- Work instruction -
Below, find the line containing "- π Fair Haven"; from there to the final line, print every line exactly and skip the pictures.

- Source material -
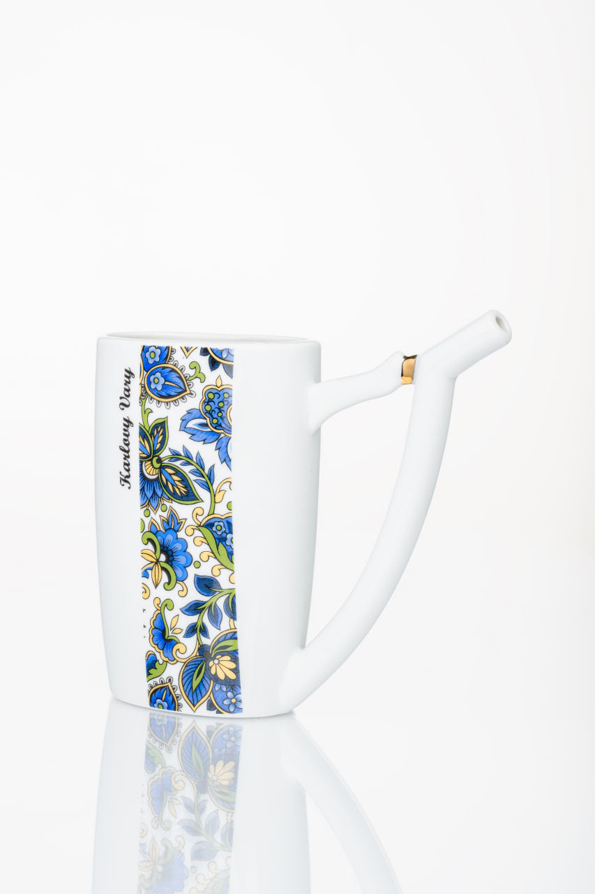 Každý kus je ručně vyrobený a zdobený květinovým autorským vzorem, díky čemuž nejsou žádné dva šálky úplně stejné. Rafinovaná ornamentika, inspirovaná klasickými evropskými dekorativními motivy, proměňuje tento lázeňský šálk ve funkční umělecké dílo a sběratelský suvenýr.
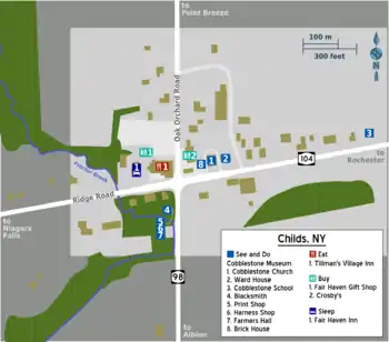 - π Fair Haven Inn, 14369 Ridge Rd, Albion (adjacent to Village Inn), β +1 585 589-9151. Check-in: 2PM, check-out: 11AM. This is the only lodging in Childs. The Tillman family opened it several years ago in an 1837 Greek Revival house. The house has four bedrooms, and there are four more "Creekside" bedrooms in a nearby building. The rooms in the house have a more antiquated feel, while the Creekside rooms are more modern and more spacious. Each room has two double beds and a private bath. No smoking or pets. $80, with meal packages available that provide discounts at the Village Inn.
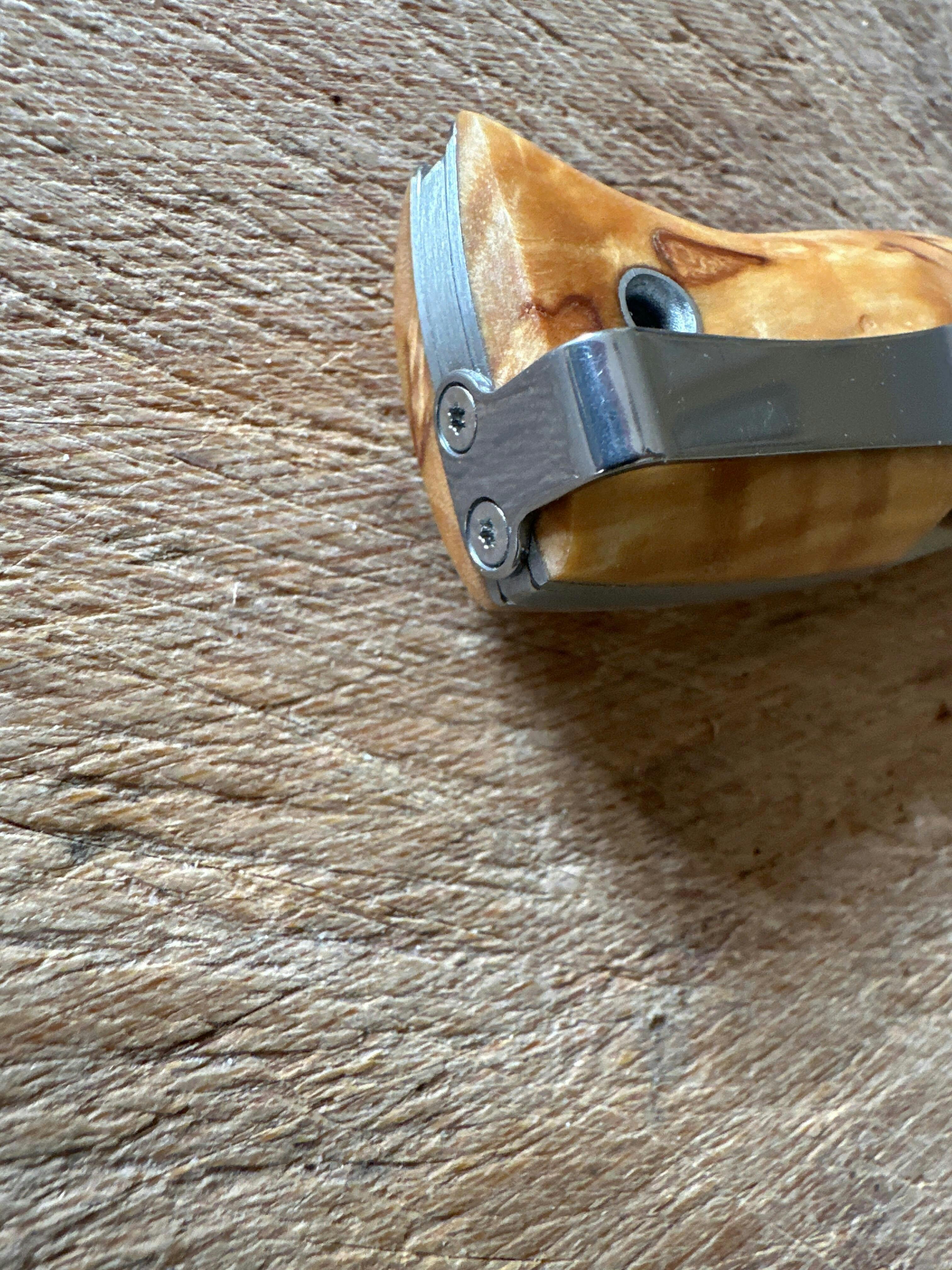 schönes Taschenmesser; speziell der Maserbirkengriff und die Gesamtform des Messers, offen und geschlossen.

- Answer for this exercise -
 - π Fair Haven Inn, 14369 Ridge Rd, Albion (adjacent to Village Inn), β +1 585 589-9151. Check-in: 2PM, check-out: 11AM. This is the only lodging in Childs. The Tillman family opened it several years ago in an 1837 Greek Revival house. The house has four bedrooms, and there are four more "Creekside" bedrooms in a nearby building. The rooms in the house have a more antiquated feel, while the Creekside rooms are more modern and more spacious. Each room has two double beds and a private bath. No smoking or pets. $80, with meal packages available that provide discounts at the Village Inn.
 schönes Taschenmesser; speziell der Maserbirkengriff und die Gesamtform des Messers, offen und geschlossen.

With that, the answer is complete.